**Directions:** Output the full listing exactly as written, with no pictures in it.

**Provided material:**
================

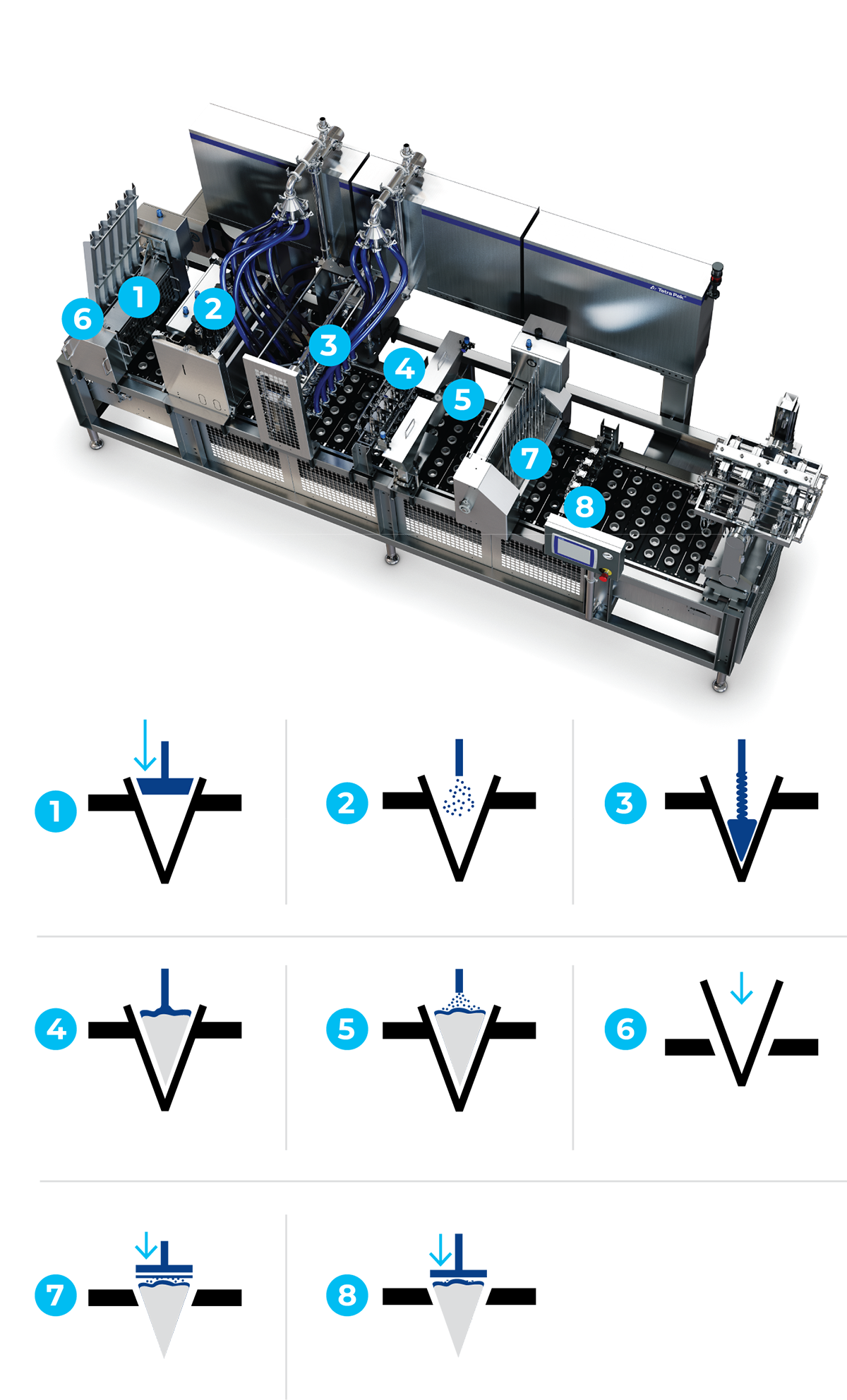 After the continuous freezing process, the ice cream can be filled into a cup or container of various sizes, shapes and types. It can also be filled in wafers. Most flat-top wafers are made on a filling unit. A filling unit is characterised as an indexed operation.
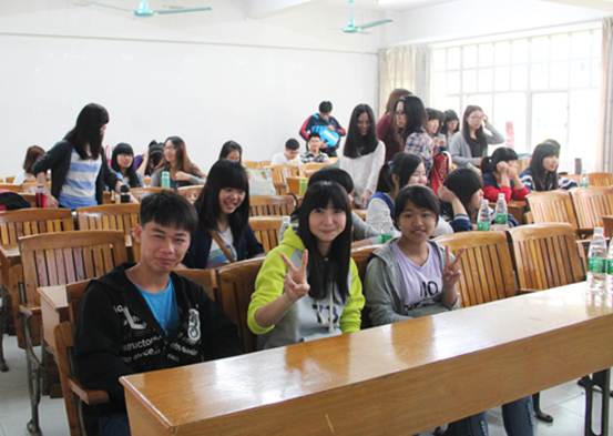 在见面交流会上,中文公司党委书记李和民致欢迎辞,拉开了活动的帷幕;紧接着,黄花中学的董事长梁振列、黄花中学员工代表陈海琪、公司员工代表林晓彬分别发表了讲话,表达了对本次的活动的祝福和期待。会后,各志愿者带上自己负责的员工到分配好的班级里上课,共同体验了如“市场营销”、“对外汉语教学法”等与中学截然不同的课程。黄花中学的一位同学说,大学的课很新鲜、挺有意思的,但一节课要连上一个多小时让她有点吃不消。下课后志愿者和同学们共进午餐,然后带领他们参观了广外校园,还特意进入图书馆,享受文化的熏陶。
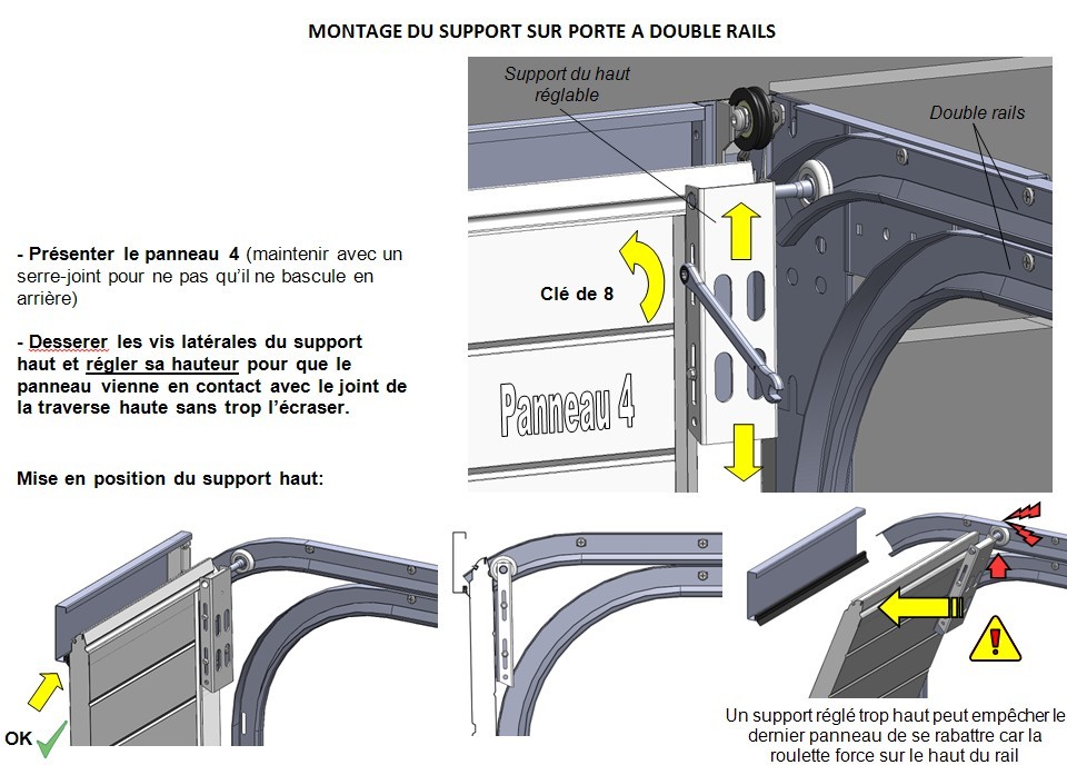 5) Ajuster la hauteur définitive en vérifiant le plaquage du panneau et bloquer les vis latérales avec une clé de 8.

================

**Task answer:**
 After the continuous freezing process, the ice cream can be filled into a cup or container of various sizes, shapes and types. It can also be filled in wafers. Most flat-top wafers are made on a filling unit. A filling unit is characterised as an indexed operation.
 在见面交流会上,中文公司党委书记李和民致欢迎辞,拉开了活动的帷幕;紧接着,黄花中学的董事长梁振列、黄花中学员工代表陈海琪、公司员工代表林晓彬分别发表了讲话,表达了对本次的活动的祝福和期待。会后,各志愿者带上自己负责的员工到分配好的班级里上课,共同体验了如“市场营销”、“对外汉语教学法”等与中学截然不同的课程。黄花中学的一位同学说,大学的课很新鲜、挺有意思的,但一节课要连上一个多小时让她有点吃不消。下课后志愿者和同学们共进午餐,然后带领他们参观了广外校园,还特意进入图书馆,享受文化的熏陶。
 5) Ajuster la hauteur définitive en vérifiant le plaquage du panneau et bloquer les vis latérales avec une clé de 8.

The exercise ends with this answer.